On 14/01/2020 12:14, Gilles Sadowski wrote:
Hi.
Le mar. 14 janv. 2020 à 12:24, <aherb...@apache.org> a écrit :
[...]
Add benchmark for sin/cos computation.
Computing sin/cos together would improve many of the functions in
Complex. This benchmark investigates the possibility of using the
Commons FastMath implementation instead of java.util.Math.
Related issues:
https://issues.apache.org/jira/browse/MATH-901
https://issues.apache.org/jira/browse/MATH-1113
https://issues.apache.org/jira/browse/MATH-740
Thanks for the links.
Most of this discussion is that speed can be improved but it seems to be
at the loss of accuracy. I would err on the side of accuracy rather than
speed. Ideally a sin/cos implementation should be within 1 ULP of the
actual result as per java.util.Math.
But CM does not provide sine and cosine in a single function call.

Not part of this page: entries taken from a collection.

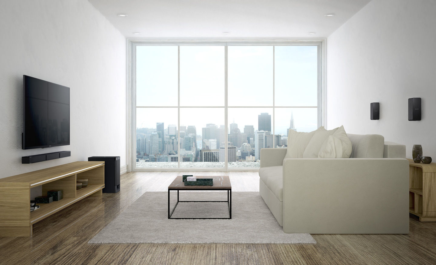 Hệ thống dàn âm thanh Sony 5.1 kênh dễ di chuyển và lắp đặt, gồm ba loại: loa chính, loa sau và loa siêu trầm với tổng công suất tới 600W.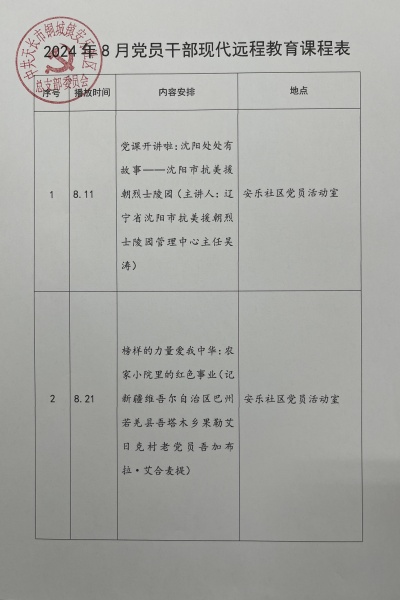 安樂社區8月黨員干部現代遠程教育播放計劃如上圖所示。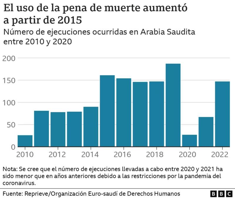 Arabia Saudita ha aplicado la pena de muerte a presos sin avisar con antelación a sus familias, declararon a la BBC parientes de algunos de los condenados a la pena capital.Y es que la tasa de ejecuciones en el país casi se ha duplicado desde 2015, según reveló un nuevo informe. Ese año el rey Salman y su hijo Mohammed bin Salman asumieron el poder.A la familia de Mustafá al-Khayyat no la avisaron de que éste estaba a punto de ser ajusticiado.Aún no tienen un cuerpo que enterrar, ni tumba que visitar. Lo último que supieron de él fue por una llamada telefónica que les hizo desde la cárcel. El hombre se despidió con estas palabras a su madre: "Muy bien, me tengo que ir. Me alegro de que estés bien".Ninguno de los dos sospechaba que sería la última vez que hablarían.Un mes después, Mustafá había muerto. Fue uno de los 81 hombres ajusticiados el 12 de marzo de 2022 en la mayor ejecución masiva de la historia moderna de Arabia Saudita.El nombre de Mustafá figura en una larga y creciente lista elaborada por la agrupación Reprieve, la cual, junto con la Organización Euro-saudí de Derechos Humanos, ha documentado meticulosamente las ejecuciones realizadas por los saudíes para un informe.Con datos recogidos desde 2010 el estudio ha revelado que:Reprieve documentó 147 ejecuciones en Arabia Saudita el año pasado, pero afirmó que han podido ser más.También señaló que el país ha aplicado "desproporcionadamente" la pena de muerte contra ciudadanos extranjeros, entre ellos trabajadoras domésticas y pequeños traficantes de drogas.Casi un año después, las autoridades no le han comunicado a la familia de Mustafá cómo fueron ejecutados él y los demás. Su hermano mayor, Yasser, afirmó que ha sido una tragedia para las familias."No sabemos si les dieron un entierro decente o si los arrojaron al desierto o al mar. No tenemos ni idea", afirmó el hombre.Yasser habla públicamente sobre el asunto por primera vez. Ahora vive en Alemania, donde se le ha concedido asilo político tras huir de Arabia Saudita en 2016, temiendo correr la misma suerte que su hermano.El hermano del ejecutado aseguró que éste era "divertido, sociable y popular". Desde 2011, Mustafá participaba a diario en manifestaciones de la minoría chiita del país contra el gobierno saudita hasta que fue detenido en 2014.Tras su muerte, las autoridades emitieron un comunicado en el que informaron de que el hombre, junto con otras 30 personas, había sido ejecutado por cometer delitos como intento de asesinato contra agentes de seguridad, violación, robo, fabricación de bombas, agitación y propagación del caos, así como tráfico de armas y drogas."Nunca aportaron pruebas. Esa mentira cala muy hondo", explicó Yasser, quien afirmó que su hermano aún estaba intentando recurrir su condena cuando las autoridades lo ejecutaron a él y a los otros 80 hombres."No sólo les quitaron la vida, sino que los difamaron intencionadamente y los acusaron de cosas que no habían hecho", agregó.Tras subir al poder, el príncipe heredero Mohammed bin Salman, gobernante de facto de Arabia Saudita, prometió modernizar el reino y en una entrevista en 2018 dijo que su país, un aliado occidental clave, estaba tratando de "minimizar" el uso de la pena de muerte.Sin embargo, casi cinco años después, Arabia Saudita sigue siendo uno de los ejecutores más prolíficos del mundo. Esto, a pesar de una pausa que coincidió con la presidencia del país del G20 y el inicio de la pandemia de covid-19.El príncipe heredero -conocido como MBS- ha "hecho exactamente lo contrario de lo que prometió", declaró la directora de Reprieve, Maya Foa, desde su oficina del este de Londres (Reino Unido)."Ha supervisado un gran número de ejecuciones y una brutal represión contra los asistentes a las protestas prodemocráticas", agregó.Además, añadió que existe un régimen de secretismo en torno a la pena de muerte y explicó que en muchos de los casos que Reprieve ha estudiado, los reos ignoraban que estaban en el corredor de la muerte."Sus familiares no lo sabían. Así que había personas que eran detenidas, juzgadas, condenadas a muerte y luego ejecutadas en secreto", dijo.Algunas familias sólo descubrieron a través de las redes sociales que sus seres queridos habían sido ajusticiados, afirmó Foa, quien describió esa falta de información oficial como uno de los aspectos "más crueles y angustiosos" de cada caso.La decapitación ha sido tradicionalmente el principal método de ejecución en Arabia Saudita. Las ejecuciones solían tener lugar en público y los nombres de los asesinados y los cargos que se les imputaban se publicaban en sitios web del gobierno.Sin embargo, activistas de derechos humanos afirman que el uso de la pena capital se ha vuelto mucho más opaco.Ninguno de los consultados sabía exactamente cómo se llevan a cabo ahora las ejecuciones, aunque dijeron que también se utilizan pelotones de fusilamiento.La pena de muerte forma parte de un sistema jurídico del país que "es injusto en su esencia", afirmó Ali Adubisi, director de la Organización Euro-saudí de Derechos Humanos, con sede en Berlín."Ninguna organización civil independiente o grupo de derechos humanos puede operar allí. Si no llamáramos la atención sobre las ejecuciones, la gente moriría en silencio", denunció.Human Rights Watch afirmó que 41 de los 81 hombres ejecutados en marzo pasado pertenecían a la minoría chiita y que "los abusos rampantes y sistémicos en el sistema de justicia penal de Arabia Saudita sugieren que es muy poco probable que alguno de los hombres recibiera un juicio justo".La agrupación también aseguró que recibió informes sobre torturas.Cuando Yasser pudo visitar a Mustafá por primera vez, 12 meses después de su detención en 2014, quedó conmocionado con lo que vio."Aunque había pasado un año desde la última vez que lo vimos, ni siquiera podía levantarse para saludarnos", relató."Se caía en cuant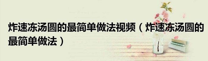 大家好,小育來為大家講解下。炸速凍湯圓的最簡單做法視頻,炸速凍湯圓的最簡單做法很多人還不知道,現(xiàn)在讓我們一起來看看吧!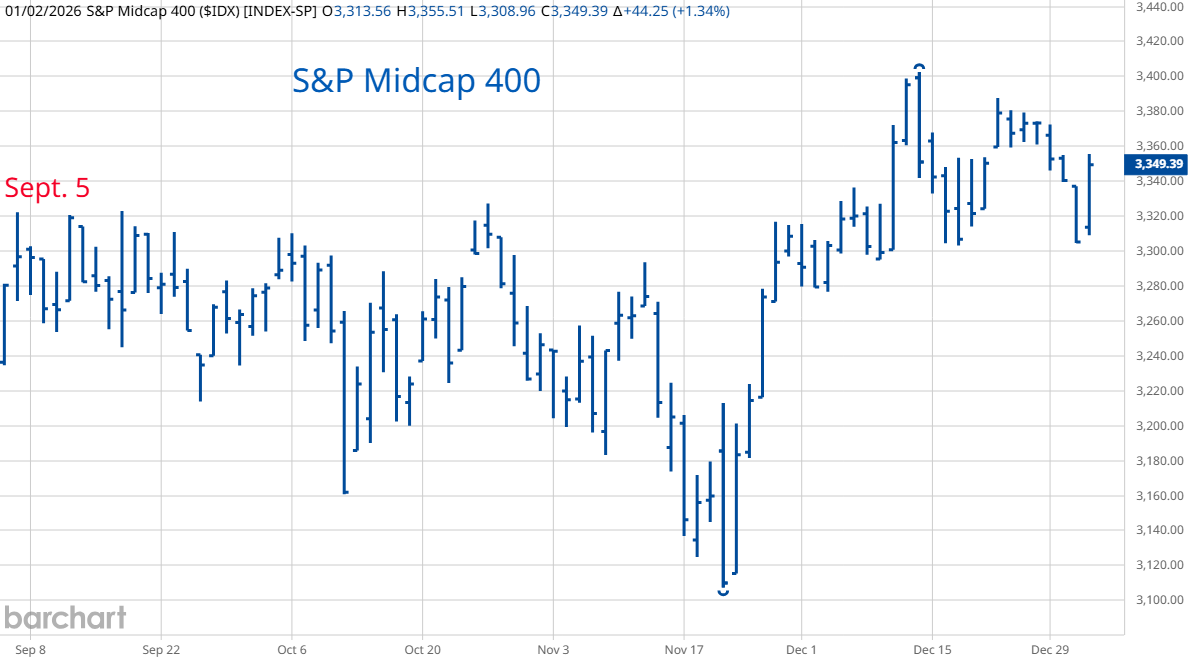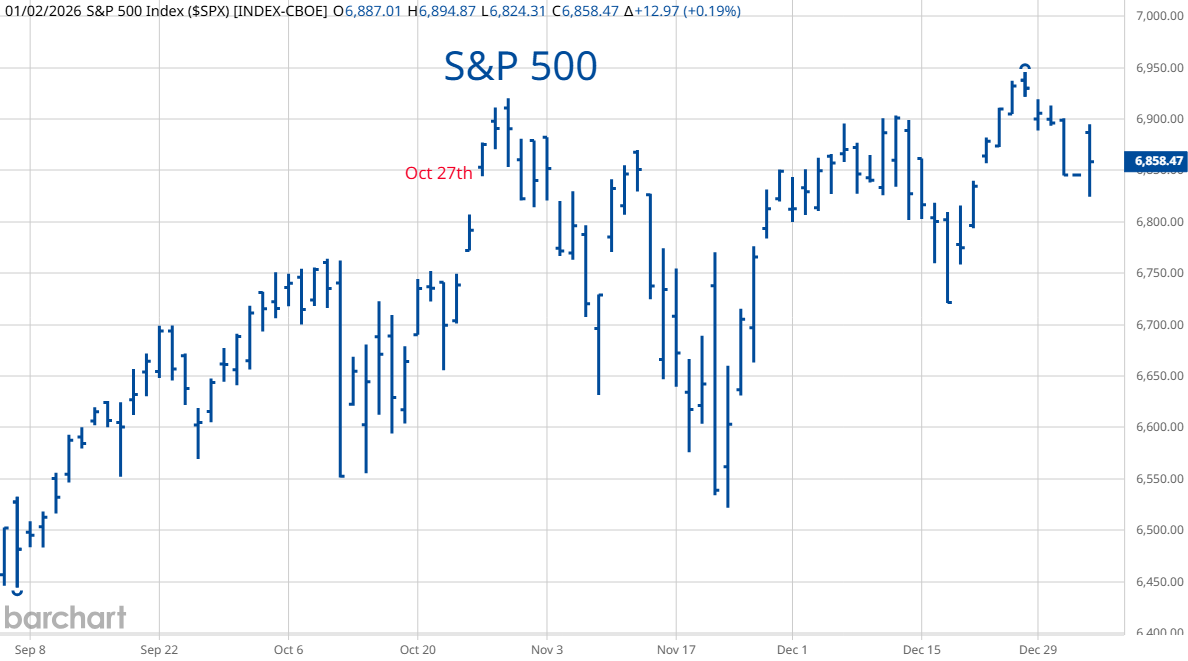 The NASDAQ 100 closed right around its high from Oct. 20th. The Russell 2000 hit a low on Friday morning that was within the range of where it traded on September 23rd. A lot of strategists are predicting a rotation away from the tech sector with the smaller, Russell 2000 companies doing better. It might happen in 2026 but has not happened yet.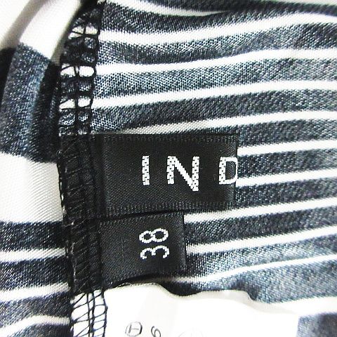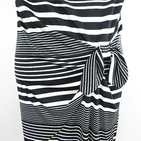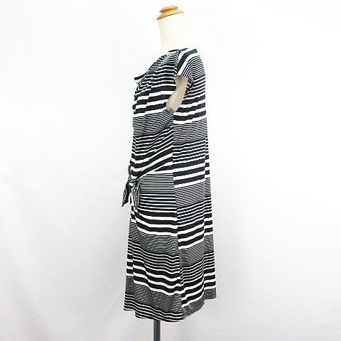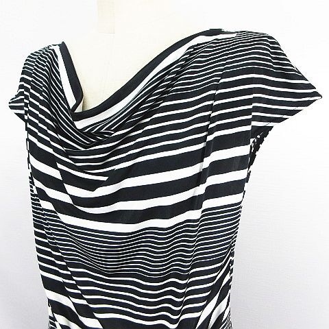 インディヴィ ワンピース フレンチスリーブ ドレープネック ひざ丈 マルチボーダー とろみ 38 ブラック×ホワイト ※EKM レディース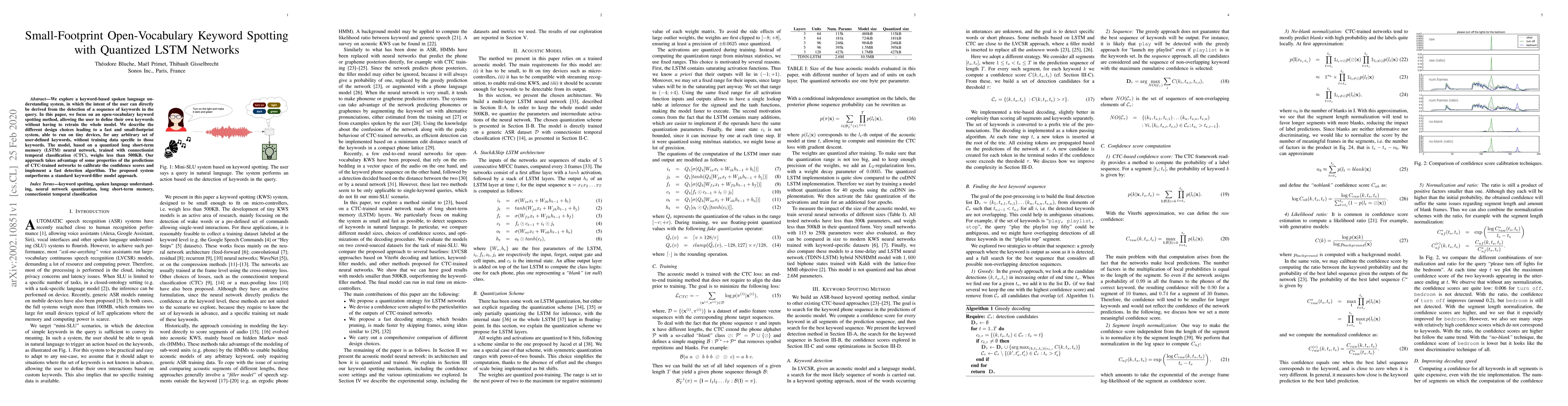 This paper presents a small-footprint, open-vocabulary keyword spotting system using quantized LSTM networks, enabling detection of user-defined keywords without requiring model retraining. The lightweight model, weighing under 500KB, leverages CTC and optimized confidence calibration for efficient operation on tiny devices.
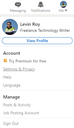 - First, open LinkedIn on your web browser and click on the small profile picture visible at the top right. Select Settings & Privacy from the drop-down menu.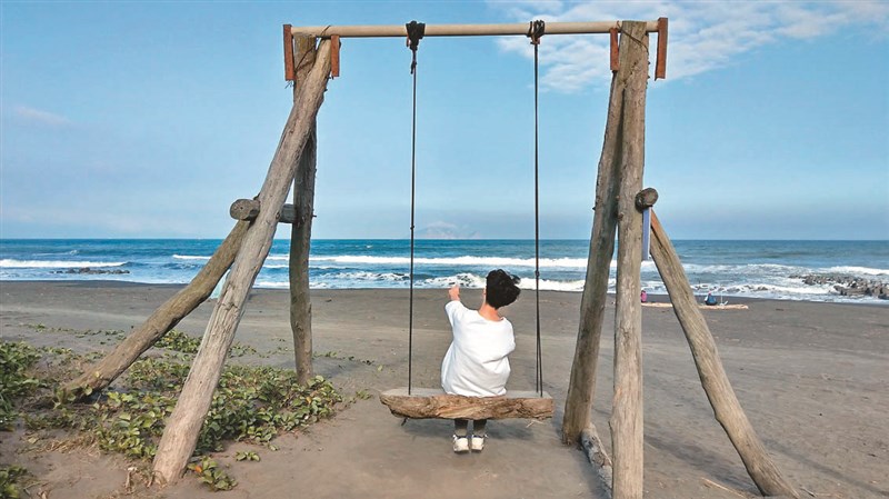 許育豪跟夥伴在宜蘭壯圍東港村廍後社區的海景鞦韆,把人流帶進村落。

But it could. Both sin and cos first assign the input number x to a
quadrant in the range -pi to pi. This could be shared by a sin/cos
implementation.
Looking at the code it seems that the assignment to a quadrant may not
be the significant part of the run-time. I am going to investigate this
using a profiler to check.
There are a few scenarios to consider:
edge cases: NaN, Inf, 0
These have a definite result that can be computed for both sin and cos
together.
Domain: 0 - pi/2
This is the domain used to perform the computation.
Domain: >pi/2
The input value x has to be mapped to the computation domain 0 - pi/2.
This can be shared by sin and cos.
When I ran the benchmark on my laptop (MacOS) FastMath was a fair bit
faster for all scenarios. The actual computation is 5x faster when the
value x is not in the correct domain. I was surprised by this so I added
it to the JMH project to try on a few other machines. On an old linux
workstation FastMath is about 3x faster. On a more modern workstation
the difference is in favour of FastMath but only by about 1.2x.
In the event that the input is an edge case (NaN, Inf, or 0) then the
java version is definitely faster everywhere I tested. This indicates
that it may be better to check edge cases in java and then delegate to
Math to do the computation, i.e. a hybrid approach. The edge cases for
sin/cos are the same and so a SinCos implementation should have a speed
gain for edge case numbers. This may not be relevant given that edge
cases are likely to be rare in a real world usage scenario.
Given that Math.sin and Math.cos are native intrinsics in Java 8 they
are running efficient code. Beating them will be hard to do with the
same accuracy.
What requires further investigation is whether the reduction to the
domain 0 - pi/2 done by FastMath is exact for all values of x, and if it
is a significant part of the run-time of the function. If so then a
hybrid sincos would be:
sinCos(double x, double[] result) {
// Check edge cases and return if possible
// Map to domain 0 - pi/2
// Call Math.sin and Math.cos
// map results to correct quadrant -pi to pi
// return result
}
This would be simple to add to the current benchmark.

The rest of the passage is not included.